- Exercise objective
When you reach the line with "2. Ордерная схема" in the records below, begin transcribing exactly and continue up to and including the line with "Štyri symetrické 90°", leaving out every picture.
*** Dataset excerpts Section Begins ***
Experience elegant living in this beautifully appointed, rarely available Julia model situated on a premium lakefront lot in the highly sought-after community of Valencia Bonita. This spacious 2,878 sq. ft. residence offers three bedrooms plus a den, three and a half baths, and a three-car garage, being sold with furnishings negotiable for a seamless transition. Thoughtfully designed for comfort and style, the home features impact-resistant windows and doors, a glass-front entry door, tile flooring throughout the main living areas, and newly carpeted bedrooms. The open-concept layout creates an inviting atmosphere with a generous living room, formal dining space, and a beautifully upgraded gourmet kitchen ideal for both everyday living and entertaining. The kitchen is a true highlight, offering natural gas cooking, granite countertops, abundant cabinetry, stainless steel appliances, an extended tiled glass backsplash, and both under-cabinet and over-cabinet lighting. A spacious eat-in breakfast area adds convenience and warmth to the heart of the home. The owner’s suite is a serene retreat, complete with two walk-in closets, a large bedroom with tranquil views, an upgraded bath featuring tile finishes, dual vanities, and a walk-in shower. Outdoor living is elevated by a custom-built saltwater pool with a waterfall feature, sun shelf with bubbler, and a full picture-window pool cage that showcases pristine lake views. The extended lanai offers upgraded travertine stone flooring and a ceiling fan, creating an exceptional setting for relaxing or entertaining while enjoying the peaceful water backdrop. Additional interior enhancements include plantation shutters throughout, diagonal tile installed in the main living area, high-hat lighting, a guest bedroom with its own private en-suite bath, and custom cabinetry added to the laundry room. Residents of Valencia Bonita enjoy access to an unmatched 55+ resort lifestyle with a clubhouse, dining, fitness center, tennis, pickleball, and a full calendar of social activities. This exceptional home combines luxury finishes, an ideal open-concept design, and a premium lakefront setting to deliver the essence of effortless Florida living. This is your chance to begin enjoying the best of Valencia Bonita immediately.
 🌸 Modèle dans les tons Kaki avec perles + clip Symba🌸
*** Dataset excerpts Section Ends ***
*** Dataset excerpts Section Begins ***
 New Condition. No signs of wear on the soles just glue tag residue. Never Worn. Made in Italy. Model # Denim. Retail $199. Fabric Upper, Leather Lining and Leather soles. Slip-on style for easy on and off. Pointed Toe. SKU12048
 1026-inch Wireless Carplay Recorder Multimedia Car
*** Dataset excerpts Section Ends ***
*** Dataset excerpts Section Begins ***
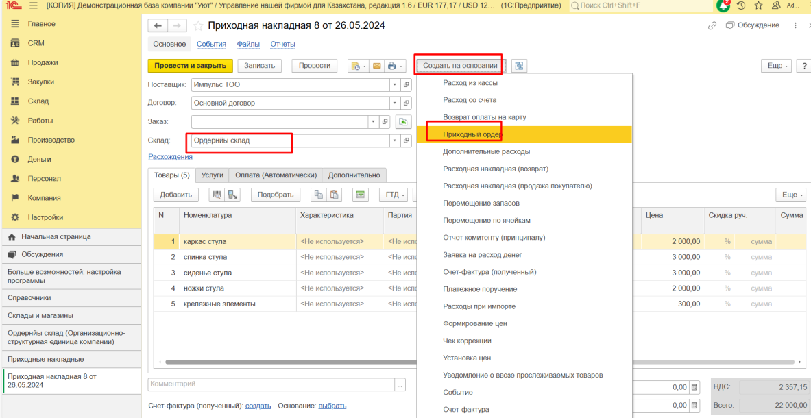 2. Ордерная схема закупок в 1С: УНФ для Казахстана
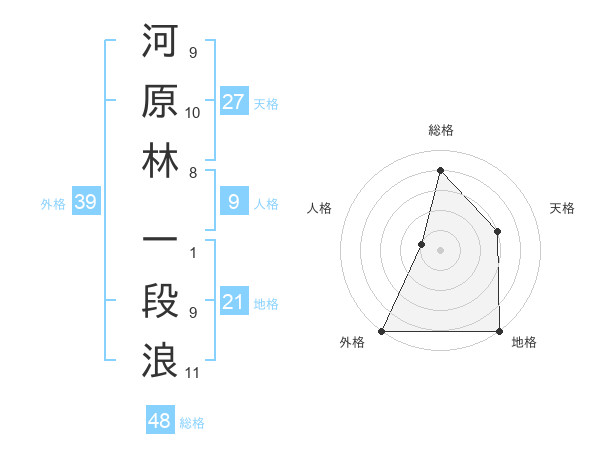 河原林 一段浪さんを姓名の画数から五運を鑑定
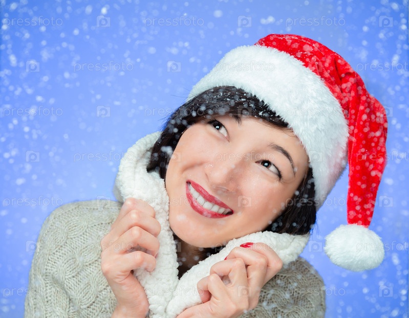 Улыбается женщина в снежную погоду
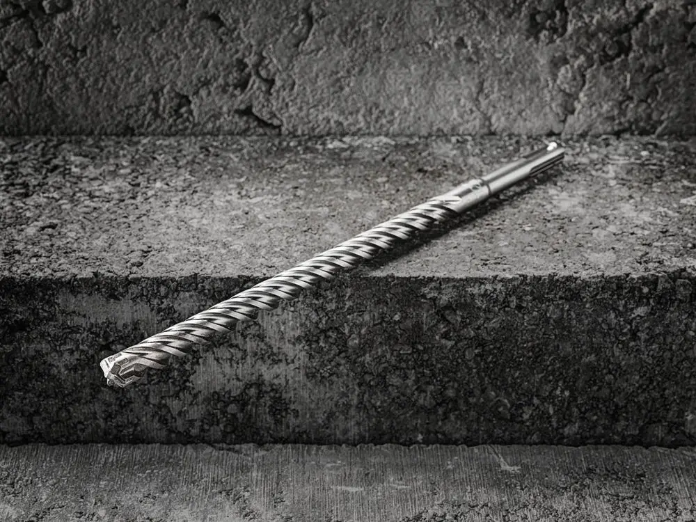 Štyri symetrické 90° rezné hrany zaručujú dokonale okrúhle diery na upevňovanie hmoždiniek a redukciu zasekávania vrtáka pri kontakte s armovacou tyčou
*** Dataset excerpts Section Ends ***
- Response to this exercise
 2. Ордерная схема закупок в 1С: УНФ для Казахстана
 河原林 一段浪さんを姓名の画数から五運を鑑定
 Улыбается женщина в снежную погоду
 Štyri symetrické 90° rezné hrany zaručujú dokonale okrúhle diery na upevňovanie hmoždiniek a redukciu zasekávania vrtáka pri kontakte s armovacou tyčou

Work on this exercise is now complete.